Effect of adjuvant chemotherapy on survival in FNCLCC grade 3 soft tissue sarcomas: a multivariate analysis of the French Sarcoma Group Database.

机构信息

Department of Medical Oncology, Institut Bergonié, Bordeaux.

INSERM CIC-EC7, Université Victor Ségalen, Bordeaux; Clinical Research Unit, Institut Bergonié, Bordeaux.

出版信息

Ann Oncol. 2010 Dec;21(12):2436-2441. doi: 10.1093/annonc/mdq238. Epub 2010 May 3.

Abstract

BACKGROUND

The predictive value of grade for benefit from adjuvant chemotherapy (AC) in soft tissue sarcoma (STS) patients has never been explored.

PATIENTS AND METHODS

From 1980 to 1999, 1513 adult patients with non-metastatic STS were included prospectively in the French Sarcoma Group database.
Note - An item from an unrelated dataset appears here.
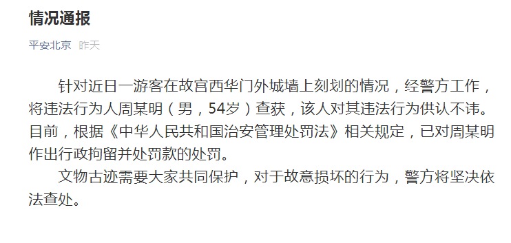 针对近日一游客在故宫西华门外城墙上刻划的情况,经警方工作,将违法行为人周某明(男,54岁)查获,该人对其违法行为供认不讳。目前,根据《中华人民共和国治安管理处罚法》相关规定,已对周某明作出行政拘留并处罚款的处罚。

Grade was assessed according to the Fédération Nationale des Centres de Lutte Contre le Cancer (FNCLCC) system after central review.

RESULTS

AC was delivered to 13 grade 1 patients (3%), 145 grade 2 patients (35%) and 262 grade 3 patients (62%). Young age, non-well-differentiated liposarcoma histology, deep location, bone and/or neurovascular invasion and grade 2 or 3 were significantly associated with a higher likelihood to receive AC. Median follow-up was 9 years. On multivariate analysis, AC was significantly associated with improved metastasis-free survival (MFS) [5-year MFS: 58% versus 49%, hazard ratio (HR) 0.7 (95% confidence interval (CI) 0.6-0.9), P = 0.01] and overall survival (OS) [5-year OS: 58% versus 45%, HR 0.6 (95% CI 0.5-0.8), P = 0.0002] in grade 3 patients. This was not observed in grade 2 patients [5-year MFS: 76% versus 73%, HR 0.8 (95% CI 0.5-1.2), P = 0.27; 5-year OS: 75% versus 65%, HR 0.8 (95% CI 0.6-1.1), P = 0.15].

CONCLUSION

This large cohort-based analysis with long-term follow-up indicates that patients with FNCLCC grade 3 disease may benefit from AC.

摘要

背景

预测软组织肉瘤(STS)患者从辅助化疗(AC)中获益的分级价值从未被探索过。

患者和方法

从 1980 年到 1999 年,1513 名非转移性 STS 成年患者前瞻性地纳入法国肉瘤组数据库。分级根据中央审查后的法国国家癌症中心联合会(FNCLCC)系统进行评估。

结果

13 名患者为 1 级(3%),145 名患者为 2 级(35%),262 名患者为 3 级(62%)接受了 AC。年轻、非高分化脂肪肉瘤组织学、深部位置、骨和/或脉管侵犯以及 2 级或 3 级与更有可能接受 AC 显著相关。中位随访时间为 9 年。多因素分析显示,AC 与无转移生存(MFS)的改善显著相关[5 年 MFS:58%比 49%,风险比(HR)0.7(95%置信区间(CI)0.6-0.9),P=0.01]和总生存(OS)[5 年 OS:58%比 45%,HR 0.6(95%CI 0.5-0.8),P=0.0002],但在 2 级患者中未观察到[5 年 MFS:76%比 73%,HR 0.8(95%CI 0.5-1.2),P=0.27;5 年 OS:75%比 65%,HR 0.8(95%CI 0.6-1.1),P=0.15]。

结论

这项基于大型队列、具有长期随访的分析表明,FNCLCC 分级 3 级的患者可能从 AC 中获益。